Emergências em voo: quando a Medicina também precisa voar
Por Rozânia Sobreira
Viajar de avião é hoje parte da rotina de milhões de pessoas. O que poucos imaginam é que, a milhares de metros de altitude, uma simples emergência médica pode se transformar em um enorme desafio. Dentro de uma aeronave não existe pronto-socorro, ambulância ou acesso imediato a exames. Ainda assim, todos os dias, profissionais treinados trabalham para garantir segurança também quando o assunto é saúde.
Ao contrário do que muitos pensam, os comissários de bordo não são treinados apenas para atendimento ao passageiro e procedimentos de conforto. Eles recebem capacitação para atuar em primeiros socorros, reanimação cardiopulmonar e manejo inicial de emergências clínicas. São preparados para agir rapidamente diante de desmaios, crises convulsivas, dores no peito, dificuldades respiratórias e até paradas cardiorrespiratórias.
Quando ocorre uma situação mais grave, é comum a tripulação solicitar auxílio de médicos presentes no voo. O profissional que se identifica passa a colaborar com os comissários e com o comandante da aeronave na avaliação do paciente e na definição das condutas possíveis naquele ambiente limitado e altamente específico.

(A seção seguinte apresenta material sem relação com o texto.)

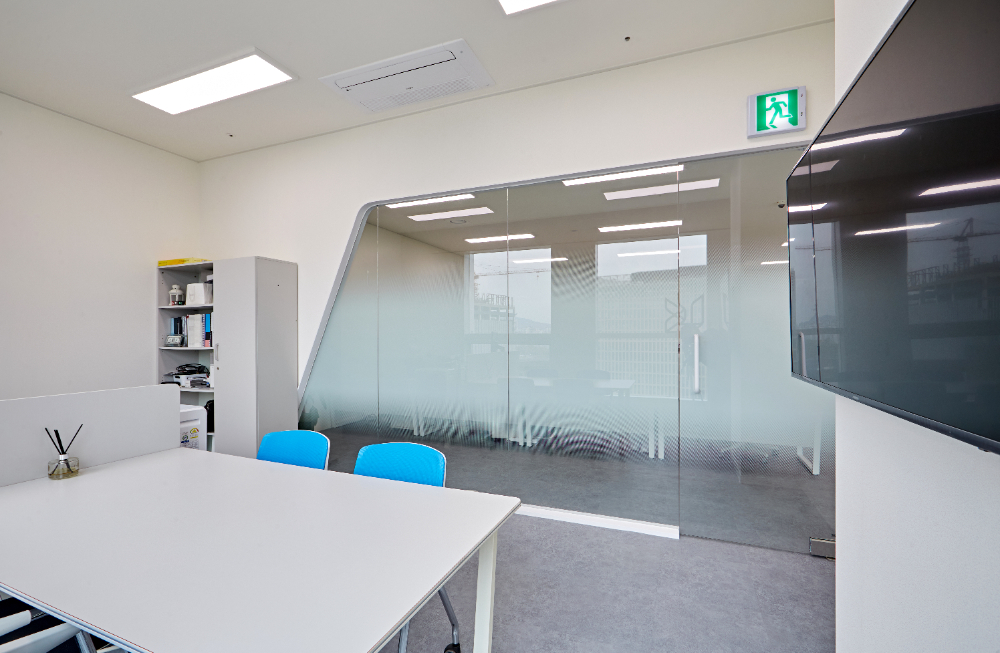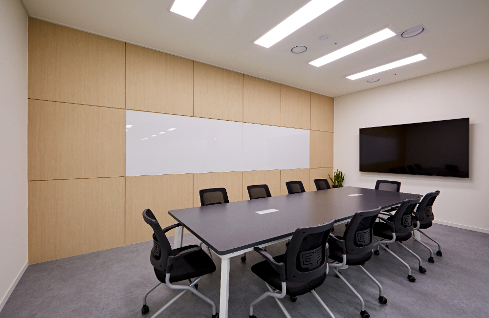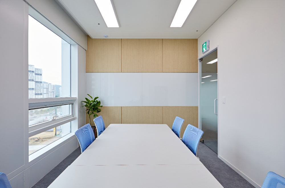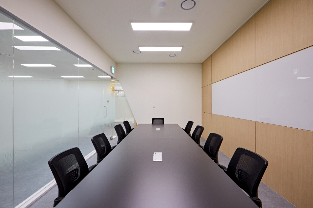 회의실은 심플하면서도 정숙할 수 있는 분위기로 시공했습니다. 내부는 별다를 것없이 원목으로 포인트를 준 벽에 화이트보드를 매립했습니다. 여기서 포인트는 바로 외벽인데요. 전체 유리로 벽면을 구성하면서 코너쪽에 사선 포인트를 주어 평범하지 않은 매력을 더했습니다.

As aeronaves comerciais possuem kits médicos preparados para emergências. Há equipamentos e medicamentos que permitem atendimentos mais avançados, incluindo suporte à vida. Em voos longos, algumas companhias ainda contam com apoio remoto de médicos especializados em medicina aeroespacial, capazes de orientar a tripulação em tempo real.

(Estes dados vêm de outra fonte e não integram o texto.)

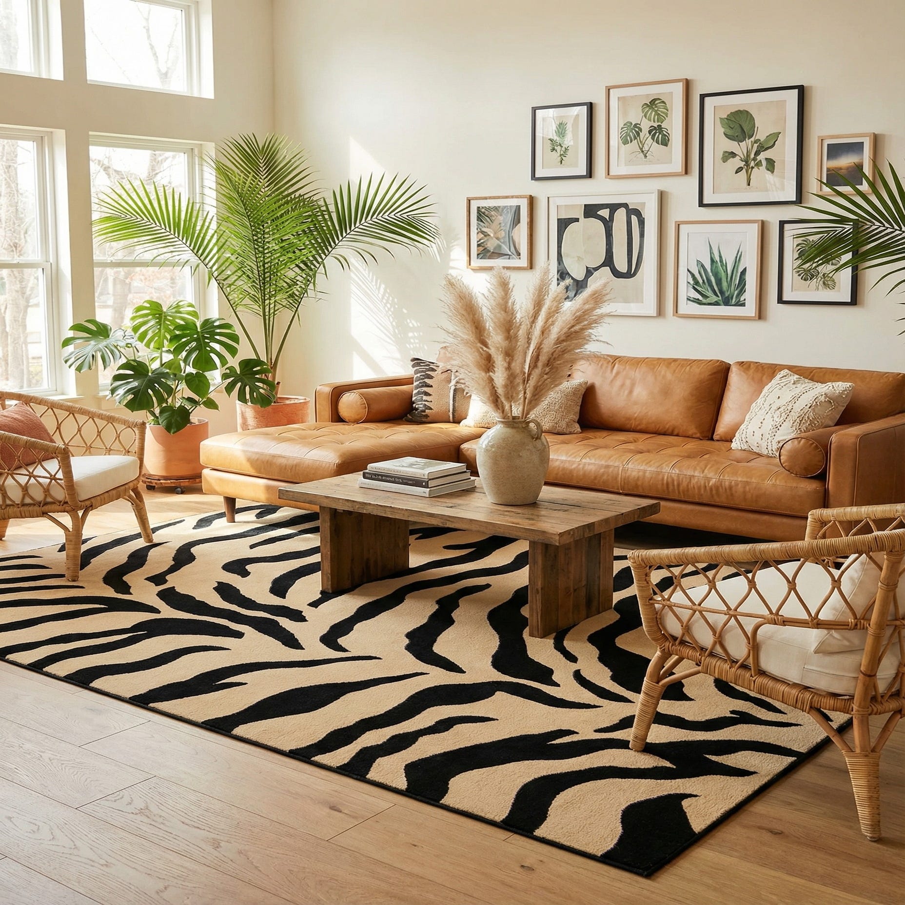 Primary color is Ivory. Colors in this rug include: Ivory, Black.

Mas uma das decisões mais delicadas continua sendo a possibilidade de um pouso não programado. Muitas vezes, o passageiro imagina que qualquer emergência obrigaria o avião a aterrissar imediatamente. Não é tão simples. O comandante é a autoridade máxima da aeronave e precisa considerar não apenas o estado clínico do paciente, mas também fatores operacionais e de segurança.
Um pouso fora da programação envolve riscos técnicos, impacto operacional, disponibilidade do aeroporto adequado e condições da aeronave, especialmente quando ainda há grande quantidade de combustível a bordo. Em determinadas situações, alternativas como a redução da altitude podem melhorar significativamente a oxigenação da cabine e estabilizar o quadro clínico do passageiro.
Também é fundamental reforçar a importância da prevenção. Algumas doenças podem piorar em altitude, como anemias graves, pneumonias, infecções de ouvido, condições cardíacas descompensadas e pós-operatórios recentes. Por isso, passageiros com problemas de saúde devem informar previamente a companhia aérea por meio dos formulários médicos específicos.
A aviação é um dos meios de transporte mais seguros do mundo. E isso inclui a segurança médica. Existe uma estrutura silenciosa, altamente preparada e coordenada para atuar quando alguém passa mal em pleno voo.
No fim das contas, cuidar da vida também faz parte da missão de quem está a bordo.
*Rozânia Sobreira é presidente do Comitê de Medicina Aeroespacial da Associação Paulista de Medicina.